At the present time, pancreatic cancer is the fourth leading cause of cancer death in the United States with an overall five-year survival rate of less than 5% (125-127). It is known that chronic inflammation and a history of pancreatitis are significant risk factors for the development of this disease, increasing the risk 12-18 fold compared to the general population (128-130). Mast cells have been and are being extensively studied for their conducting role of allergic reactions and auto-immunity. In addition, mast cells have been increasingly recognized as crucial components of the tumor stromal microenvironment in a number of human malignancies (131-133). In pancreatic cancer, there has only been one study, which examines the association between mast cells and angiogenesis (133). The authors of this study reported that mast cell infiltration in pancreatic cancer is associated with an angiogenic phenotype but they did not find a correlation with survival and did not evaluate the correlation between mast cell infiltration and other pathological variables such as tumor stage and grade (133). Patients with pancreatic cancer had elevated serum tryptase activity and in vitro, cultured pancreatic cells induced mast cell migration (133). Mast cell conditioned media induced pancreatic cancer cell migration, proliferation and invasion but had no effect on normal ductal cells. In vitro, the interaction between mast cells and pancreatic cancer cells promote tumor growth and invasion (133). The most important finds of this study established that (1) high numbers of tumor infiltrating mast cells are associated with higher grade tumors and decreased survival and (2) that mast cell infiltration was significantly higher in pancreatic cancer compared to normal pancreatic tissue (133). Figure 3 demonstrates the infiltration of mast cells in human pancreatic adenocarcinoma tumors [Reprinted with permission from Clinical Cancer Research, Crosstalk between mast cells and pancreatic cells contributes to pancreatic cancer progression 2010;16:2257-65.].

Figure 3
Figure 3 Mast cells infiltrate human pancreatic adenocarcinoma. Immunohistochemistry (magnification, ×400) for mast cell-specific tryptase (seen with dark red staining) in normal pancreas from a patient with a benign cystic neoplasm (A), an adjacent histologically normal area of pancreas from a patient with pancreatic adenocarcinoma (B), and pancreatic adenocarcinoma (C). (D) tryptase-positive mast cells were counted at 400× magnification in 12 pancreatic cancer specimens and compared with the adjacent normal pancreas and 10 normal areas of pancreas from patients with benign disease. Mast cell infiltration was greater in cancer versus adjacent normal (P<0.01) and in cancer versus benign normal (P<0.001). Mast cell infiltration was greater in adjacent normal versus benign normal (P<0.05). (E) serum tryptase activity was measured by a quantitative spectrophotometric assay in 36 patients with pancreatic cancer and compared with 10 patients with benign pancreatic disease (*, P<0.05; **, P<0.001). [Reprinted with permission from Clinical Cancer Research, Crosstalk between mast cells and pancreatic cells contributes to pancreatic cancer progression 2010;16:2257-65.]

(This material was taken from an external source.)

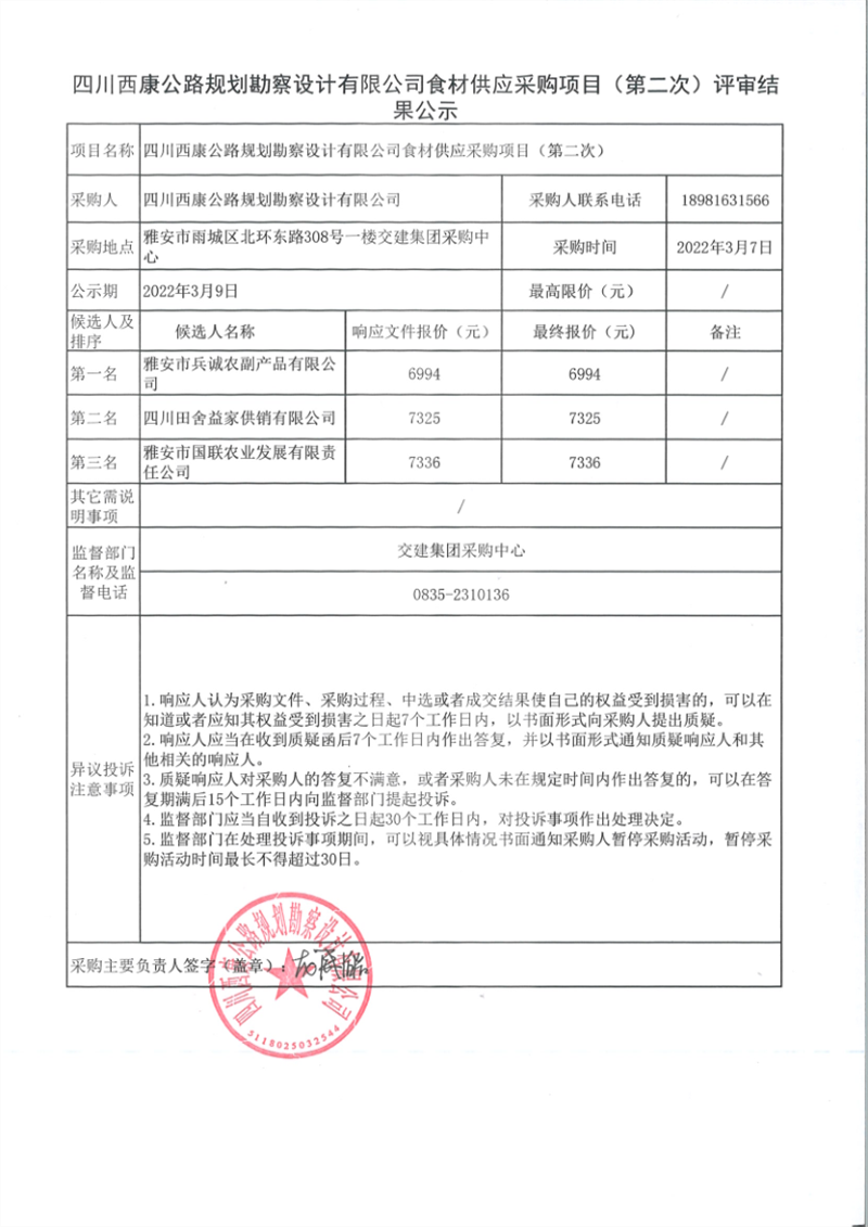 四川西康公路規(guī)劃勘察設(shè)計有限公司食材供應(yīng)采購項目(第二次)評審結(jié)果公示

Mast cells in the tumor microenvironment might also be essential for pancreatic ductal adenocarcinoma (PDAC) tumorigenesis (134). Using a spontaneous mouse model of PDAC, the presence of inflammatory cells at various stages of PDAC development was determined. The study shows that in the spontaneous mouse model of PDAC, there was an early influx of mast cells to the tumor microenvironment (134). Although PDAC tumor growth was inhibited in mast cell-deficient mice, aggressive PDAC growth was restored when PDAC cells were injected into mast cell-deficient mice reconstituted with wild-type bone marrow-derived mast cells. The authors predicted that mast cells infiltrating into the tumor microenvironment may be a contributing factor towards PDAC’s poor prognosis, thus making mast cells a potential novel therapeutic target (134).


Concluding remarks

In closing, review of the scientific literature available on MCs presents a puzzling collection of information. While MCs are important components of the immune system, which is essential for the life of humans and other vertebrate organisms, they display characteristics and actions, which are both beneficial as well as harmful. They are essential to fight viruses, bacteria, parasites and other invaders at portals of entry of our bodies. They can be likened to an invading army in allergic reactions and can produce havoc with the release of their granules which cause problems ranging from swelling, hives, itching, running eyes and runny noses all the way to lethal anaphylactic shock. They have been observed to be present in auto-immune inflammatory diseases where they seem to have a detrimental role in increasing swelling, pain and dysfunction. They have further been observed in numerous malignancies and, as we have seen, play roles alone and in cooperation with other cells of the immune system. Their capabilities in angiogenesis, immune suppression, tumor growth, support of tumor metastases, and actions in the tumor microenvironment have been the subject of numerous sophisticated scientific studies. What can be observed from the studies being done in this field is that there are some consistent findings as well as some fragmented findings. Putting all the pieces together will be an exciting challenge to come. It does seem likely, however, that the knowledge existing at present as well as the scientific developments to come on the role of mast cells will contribute significantly to the understanding of the pathogenesis and treatment of human malignancies.


Acknowledgements

Portions of this work was partly supported by the NIH grants DK58411 and DK76898 and by the Scott & White Nicholas C. Hightower Endowed Chair of Gastroenterology (G. Alpini).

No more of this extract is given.